Luna was still holding her hand when she died, and because of that more than anything else, Ginny's corpse had a small smile on it's face. Luna sttod, rescued her hand, and left the room. "She's gone." Luna said, managing to still her face even as her neart was breaking all over again. "I can't stay now that she's gone." She left the hospital, unable to be surrounded by the crying, the tears, and the stench of death and cleaning products that hung around the hospital.
She had not gane a mile but twa,
When she heard the dead-bell ringing,
And every jow that the dead-bell gied,
It cry'd, Woe to Barbara Allan!
Luna needed to think, so she began walking away from the hospital, and every step seemed to bring new memories of her relationship with Ginny. The images wouldn't leave her mind, like small pinpricks in her mind. She walked blindly, not knowing or caring where she went. Therefore, she was surprised when she found herself outside her father's house and childhood home. She knocked softly on the door. It took a few moments but her father opened the door.
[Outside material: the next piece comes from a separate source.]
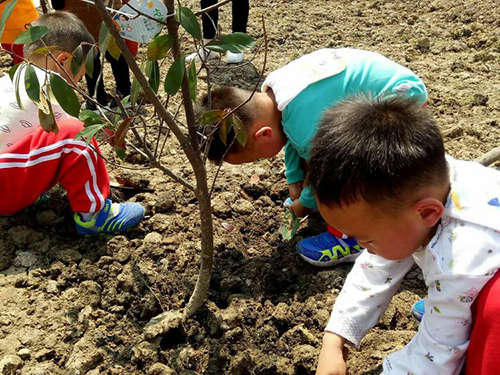 看著自己親手栽植的樹苗在春風中吐露著翠綠的嫩葉,大家都非常興奮。種好樹苗后,小朋友們紛紛將寫有自己姓名和心愿的小卡片掛在了小樹苗上,希望小樹能茁壯成長。

"O mother, mother, make my bed!
O make it saft and narrow!
Since my love died for me to-day,
I'll die for him to-morrow."
"Hi Daddy." She said, trying to smile. "Can I stay the night?" She needed to be here now.
"Of course, my little moon." Mr. Lovegood replied. "Just let me get some fresh sheets and blankets on your bed."
Later that night, Luna lie awake in her narrow childhood bed, crying silently and humming an old ballad her mother used to use to sing her to sleep, knowing that when she fell asleep she wouldn't wake again.
They buried him in the old churchyard;
Barbara Allen was buried beside him
A red rose at Sir John's grave,
And a green briar at Barbara Allen's.
The two girls were buried the same day, side by side, in the same old wizarding cemetary where so many they were close to had been borne to the grave. In the spring, old Mr. Lovegood came by and planted a flower for both of them, a red rose for Ginny, and a briar, her favourite, for his daughter.
They grew and grew in the old churchyard,
'Til they could grow no higher.
They locked and they tied in a true love's knot,
The red rose 'round the briar.
Many years later the people would come by and stare at the two plants, and some would suggest removing the pesky briar as it tangled around the rosebush, but no one ever would, because there are some peopple who always remember, and those people always see, and Mr. Ollivander would come by and chatter to the headstones, smiling as the plants slowly began to knot, and every time he left the grave, he would leave, whistling an old tune that he knew better than almost anyone, because he saw and understood.